→ **About this exercise**:
When writing out the entries below, keep only the lines from the line with "Don't waste any" to the line with "6、攻击猎物成功以后,我们会", both included, exactly as they are, and leave the pictures aside.

→ **Source information**:
──────────────────────────────

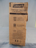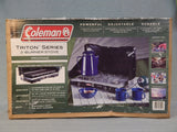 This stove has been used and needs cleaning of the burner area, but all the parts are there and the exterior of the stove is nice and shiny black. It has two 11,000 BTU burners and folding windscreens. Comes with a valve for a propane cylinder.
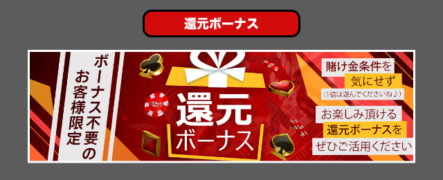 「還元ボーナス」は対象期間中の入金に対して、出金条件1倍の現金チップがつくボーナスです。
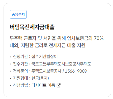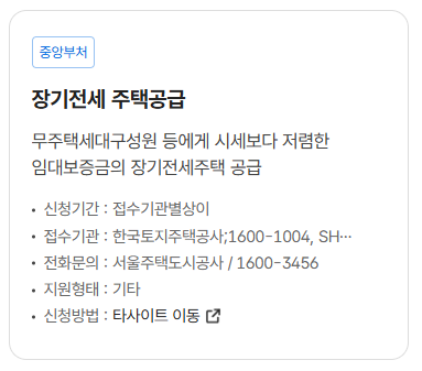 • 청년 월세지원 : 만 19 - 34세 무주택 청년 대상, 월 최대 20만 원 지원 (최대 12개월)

──────────────────────────────

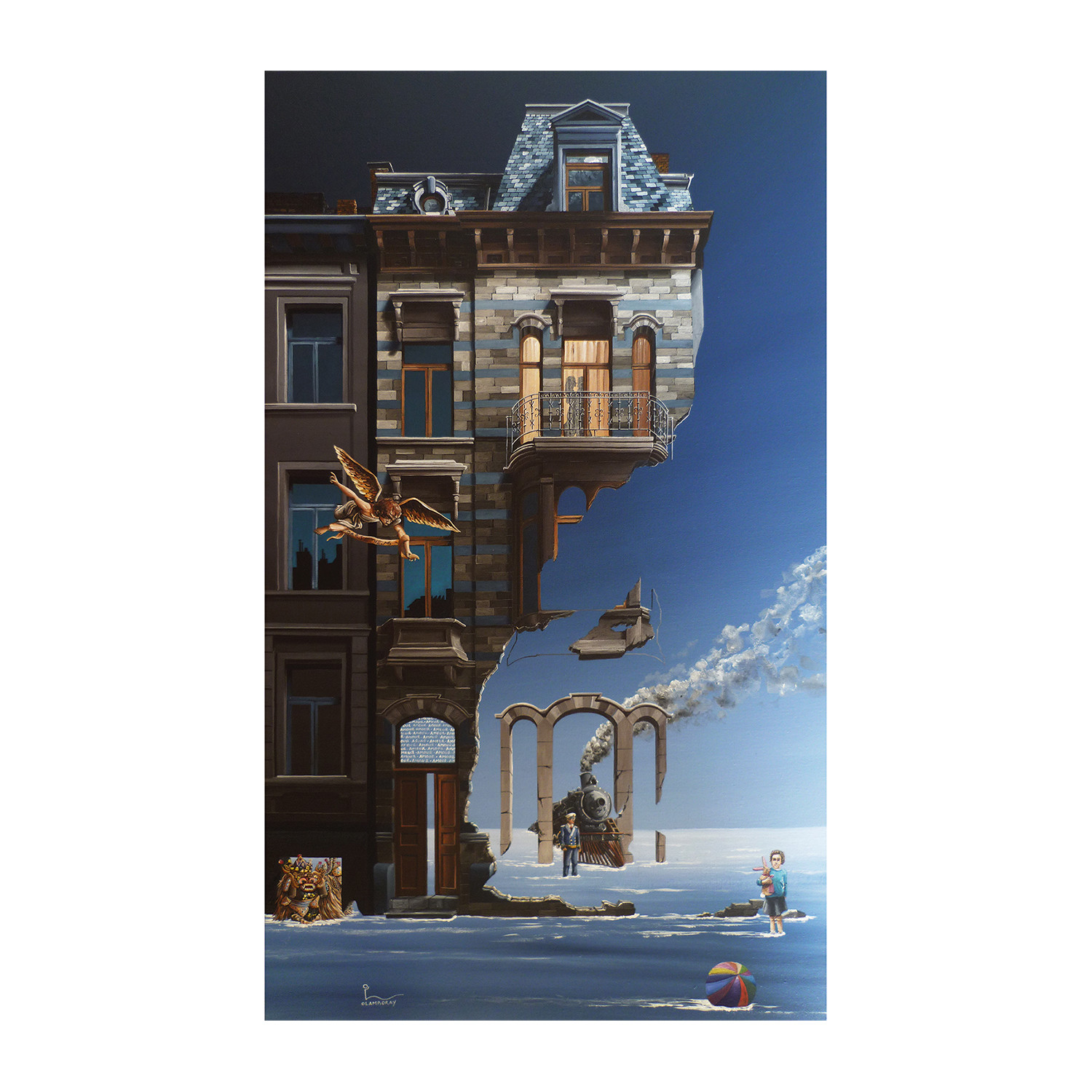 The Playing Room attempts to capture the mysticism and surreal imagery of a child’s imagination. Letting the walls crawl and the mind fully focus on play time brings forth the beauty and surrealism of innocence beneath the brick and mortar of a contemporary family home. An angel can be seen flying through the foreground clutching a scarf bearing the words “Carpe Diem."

──────────────────────────────

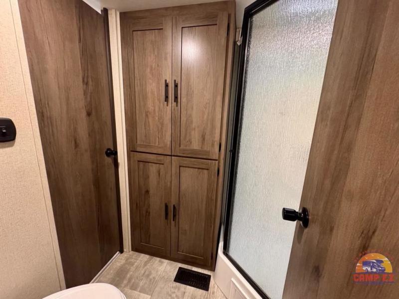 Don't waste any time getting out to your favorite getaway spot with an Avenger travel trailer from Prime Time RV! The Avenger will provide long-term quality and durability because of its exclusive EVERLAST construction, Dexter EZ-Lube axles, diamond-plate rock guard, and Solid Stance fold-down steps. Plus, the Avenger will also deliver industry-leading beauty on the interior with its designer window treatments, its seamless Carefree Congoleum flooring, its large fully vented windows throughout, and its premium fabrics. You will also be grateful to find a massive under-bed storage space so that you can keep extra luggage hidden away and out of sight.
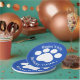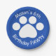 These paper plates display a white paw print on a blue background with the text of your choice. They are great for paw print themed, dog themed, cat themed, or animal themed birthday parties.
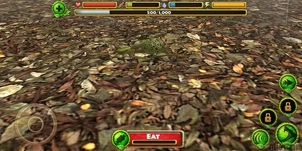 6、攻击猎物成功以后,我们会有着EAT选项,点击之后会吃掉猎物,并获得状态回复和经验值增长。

──────────────────────────────

→ **Solution to this task**:
 Don't waste any time getting out to your favorite getaway spot with an Avenger travel trailer from Prime Time RV! The Avenger will provide long-term quality and durability because of its exclusive EVERLAST construction, Dexter EZ-Lube axles, diamond-plate rock guard, and Solid Stance fold-down steps. Plus, the Avenger will also deliver industry-leading beauty on the interior with its designer window treatments, its seamless Carefree Congoleum flooring, its large fully vented windows throughout, and its premium fabrics. You will also be grateful to find a massive under-bed storage space so that you can keep extra luggage hidden away and out of sight.
 These paper plates display a white paw print on a blue background with the text of your choice. They are great for paw print themed, dog themed, cat themed, or animal themed birthday parties.
 6、攻击猎物成功以后,我们会有着EAT选项,点击之后会吃掉猎物,并获得状态回复和经验值增长。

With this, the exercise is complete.